**Work to be completed**. The answer must repeat every record exactly, with all pictures omitted.

Records excerpted from a collection:
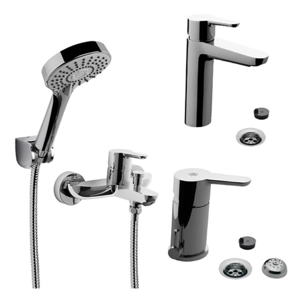 Juego monocomando para bidet color cromo con desagüe con tapita. Marca FV de la colección Puelo. Destacado por su diseño minimalista, su cierre suave, durabilidad y limpieza fácil.
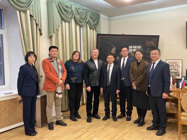 在俄罗斯国立工艺美术大学,代表团会见了该校校长库拉索福、副校长斯列普欣、丝路创新学院院长郭晓宾、信息处处长安娜,校长秘书吉亚娜、博物馆馆长娜达利亚。双方就多种模式开展国际暑期项目、联合举办国际论坛、互派学者访学等展开讨论,并达成一致意见,双方签署了合作意向书。代表团还应邀参观了该校展览馆。
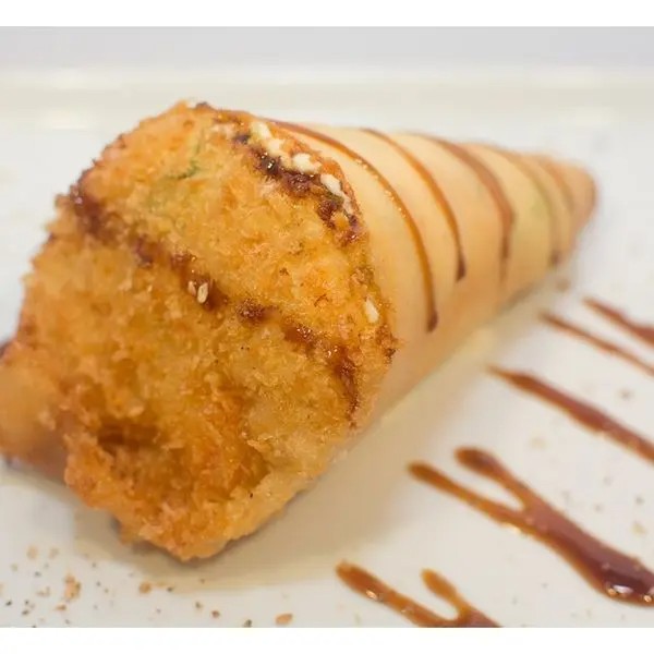 Enrolado no formato de cone com arroz, salmão grelhado, camarão, cream cheese, cebolinha, alga nori empanado na farinha panko e frito.
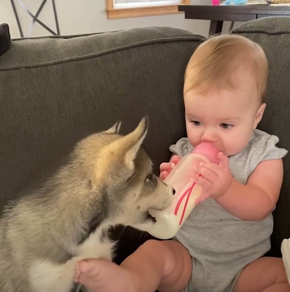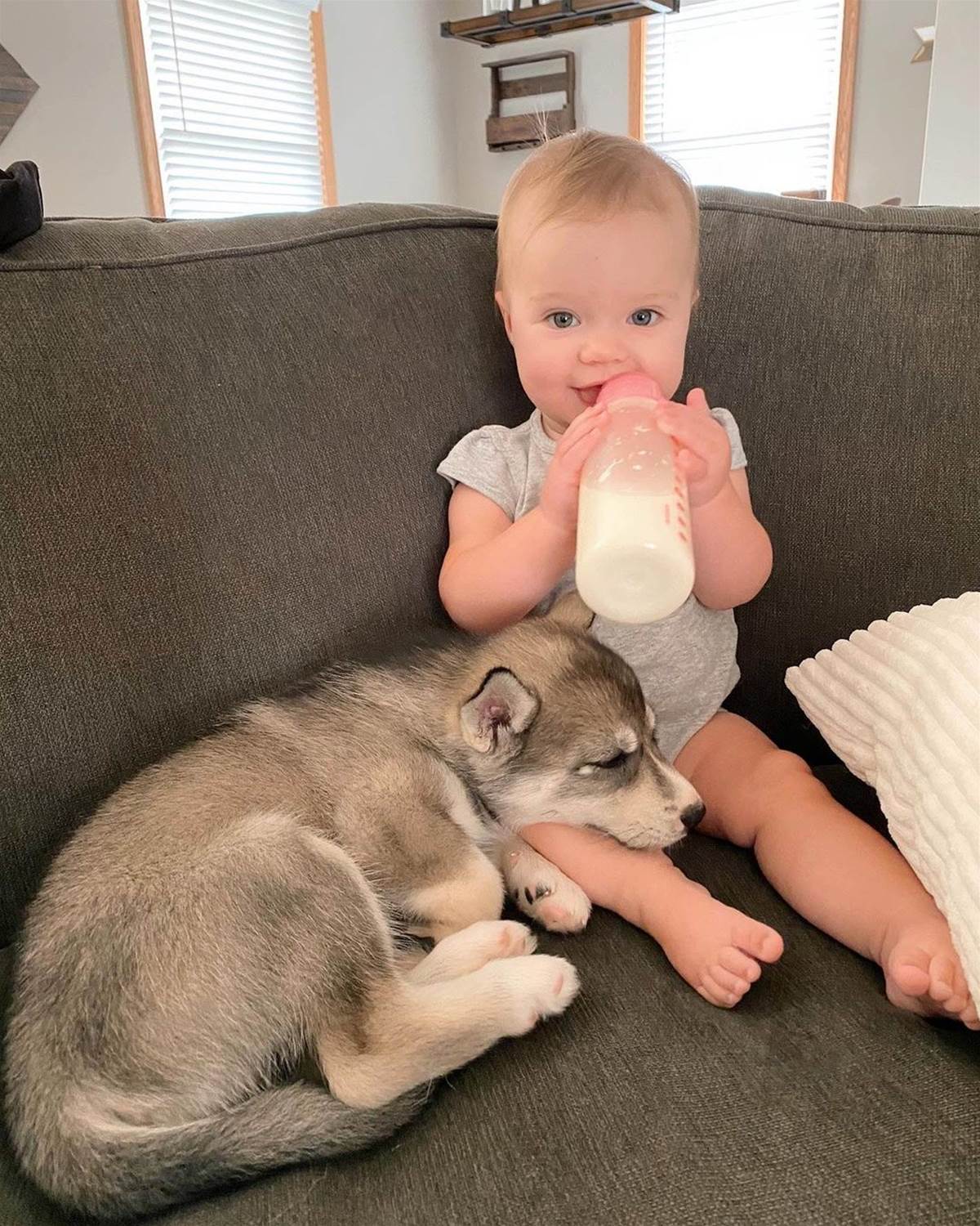 外國有位爸媽領養了一隻雪橇犬,希望女兒可以跟牠一起成長,結果狗狗成長速度太快,不到半年已經變成一隻巨獸!
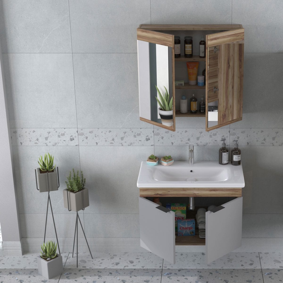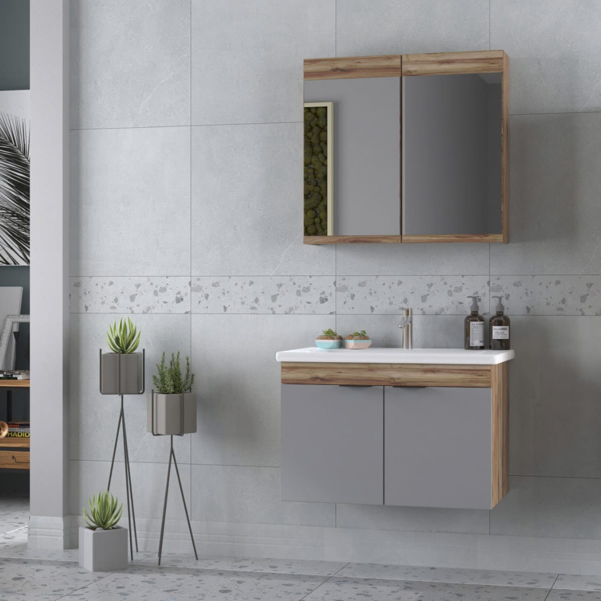 Το επιτοίχιο μοντέλο Violin & Grey Matt είναι σχεδιασμένο για να προσφέρει λειτουργικότητα και στυλ. Σε γκρι χρώμα με μηχανισμό soft close, αυτό το σετ αποτελεί την ιδανική προσθήκη για κάθε μοντέρνο μπάνιο. Είναι κατασκευασμένο από υψηλής ποιότητας MFC (Μελαμίνη) που προσφέρει αντοχή και μακροχρόνια χρήση.
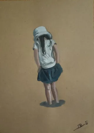 Pintura original de una niña en la playa, firmada por BizaroS. - Representación artística de una niña con sombrero y cesta. - Tonos naranjas y blancos predominantes en la vestimenta. Pintado a mano en acrílico Sus medidas son de 20x30 cm
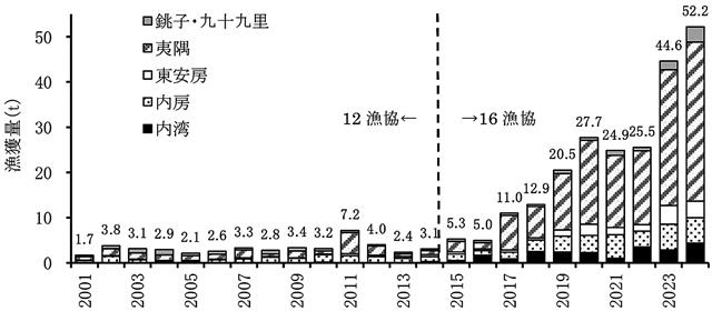 【千葉】千葉県水産総合研究センターは10日、トラフグの漁獲状況と標識放流試験の結果を公表した。漁獲量は2017年漁期(4月~翌年3月)以降増加しており、24年漁期は52・2トンで、00年以降の最大…
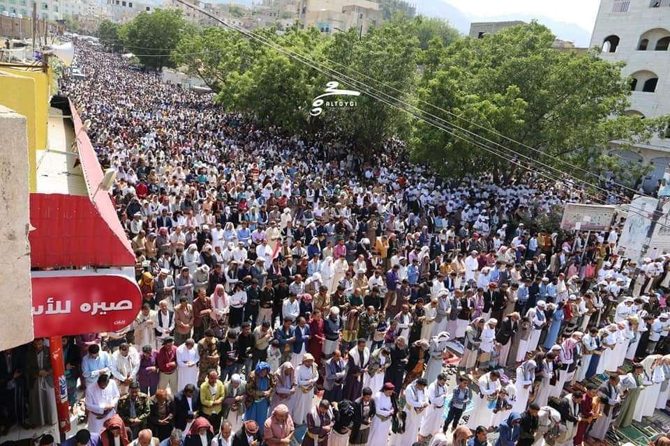 وانطلقت مراسيم التشييع في ساحة الحرية بقلب مدينة تعز، بمشاركة جماهير كبيرة.
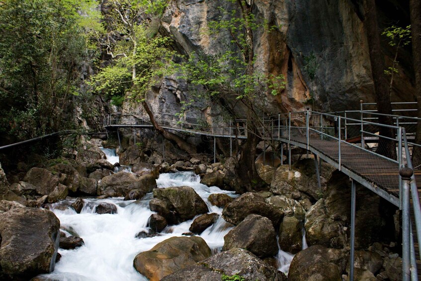 Sapadere Canyon: A wonder of nature, Sapadere Canyon is located within the territorial border of Alanya, a sub-district of Antalya. It is in the Northeast of the region. Sapadere canyon is 360 m long, and nearly 400 m high. It is almost 3 km away from Sapadere Village. This miraculous part of nature will take your breath away. You will never forget being one with nature, bright summer sun above your head, among the emerald-green leaves of the trees. You will be amazed by the rapidly gushing water over series of rock steps, rare plants and different species of animals and birds when walking through this natural habitat.
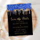 Eleganter Blue Gold Glitzer Tropfen Save the Date Postkarte

**Expected answer**.
 Juego monocomando para bidet color cromo con desagüe con tapita. Marca FV de la colección Puelo. Destacado por su diseño minimalista, su cierre suave, durabilidad y limpieza fácil.
 在俄罗斯国立工艺美术大学,代表团会见了该校校长库拉索福、副校长斯列普欣、丝路创新学院院长郭晓宾、信息处处长安娜,校长秘书吉亚娜、博物馆馆长娜达利亚。双方就多种模式开展国际暑期项目、联合举办国际论坛、互派学者访学等展开讨论,并达成一致意见,双方签署了合作意向书。代表团还应邀参观了该校展览馆。
 Enrolado no formato de cone com arroz, salmão grelhado, camarão, cream cheese, cebolinha, alga nori empanado na farinha panko e frito.
 外國有位爸媽領養了一隻雪橇犬,希望女兒可以跟牠一起成長,結果狗狗成長速度太快,不到半年已經變成一隻巨獸!
 Το επιτοίχιο μοντέλο Violin & Grey Matt είναι σχεδιασμένο για να προσφέρει λειτουργικότητα και στυλ. Σε γκρι χρώμα με μηχανισμό soft close, αυτό το σετ αποτελεί την ιδανική προσθήκη για κάθε μοντέρνο μπάνιο. Είναι κατασκευασμένο από υψηλής ποιότητας MFC (Μελαμίνη) που προσφέρει αντοχή και μακροχρόνια χρήση.
 Pintura original de una niña en la playa, firmada por BizaroS. - Representación artística de una niña con sombrero y cesta. - Tonos naranjas y blancos predominantes en la vestimenta. Pintado a mano en acrílico Sus medidas son de 20x30 cm
 【千葉】千葉県水産総合研究センターは10日、トラフグの漁獲状況と標識放流試験の結果を公表した。漁獲量は2017年漁期(4月~翌年3月)以降増加しており、24年漁期は52・2トンで、00年以降の最大…
 وانطلقت مراسيم التشييع في ساحة الحرية بقلب مدينة تعز، بمشاركة جماهير كبيرة.
 Sapadere Canyon: A wonder of nature, Sapadere Canyon is located within the territorial border of Alanya, a sub-district of Antalya. It is in the Northeast of the region. Sapadere canyon is 360 m long, and nearly 400 m high. It is almost 3 km away from Sapadere Village. This miraculous part of nature will take your breath away. You will never forget being one with nature, bright summer sun above your head, among the emerald-green leaves of the trees. You will be amazed by the rapidly gushing water over series of rock steps, rare plants and different species of animals and birds when walking through this natural habitat.
 Eleganter Blue Gold Glitzer Tropfen Save the Date Postkarte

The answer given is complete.